Fine-Tuning a Time Series Foundation Model with Wasserstein Loss

Andrei Chernov
2024-09-19
Abstract:Inspired by recent advancements in large language models (LLMs) for Natural Language Processing (NLP), there has been a surge in research focused on developing foundational models for time series forecasting. One approach involves training LLM architectures on tokenized time series data using cross-entropy loss. Although this method has demonstrated promising results, cross-entropy loss is primarily designed for classification tasks and does not account for the distance between classes. To address this limitation, we propose using the Wasserstein loss for such architectures. To validate our approach, we fine-tuned a foundational time series model on $22$ zero-shot datasets, comparing the performance of cross-entropy loss with that of Wasserstein loss. Our results demonstrate that replacing cross-entropy loss with Wasserstein loss significantly improves point estimation.

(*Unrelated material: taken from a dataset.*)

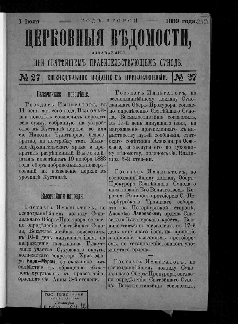 Г. 2 1889, № 27 (1 июля). - [Синод. тип.], 1889. - [48] с. разд. паг. - В кн. также: Прибавления.... - Библиогр. в подстроч. примеч. и в тексте.

Machine Learning,Artificial Intelligence,Computation and Language
What problem does this paper attempt to address?
The paper attempts to address the issue of how to improve the performance of time series models based on large language model (LLM) architectures using Wasserstein loss in time series forecasting. Specifically, the paper points out that while traditional cross-entropy loss is effective for classification tasks, it has limitations in regression tasks like time series forecasting because it ignores the distance information between categories. To solve this problem, the authors propose using Wasserstein loss to replace cross-entropy loss to improve the point estimation accuracy in time series forecasting. Through fine-tuning experiments on multiple zero-shot datasets, the significant advantage of Wasserstein loss over cross-entropy loss in point estimation was validated. However, this method performs slightly worse than cross-entropy loss in probabilistic forecasting. Future research directions include training time series base models from scratch using Wasserstein loss and exploring more complex distribution assumptions to improve probabilistic forecasting performance.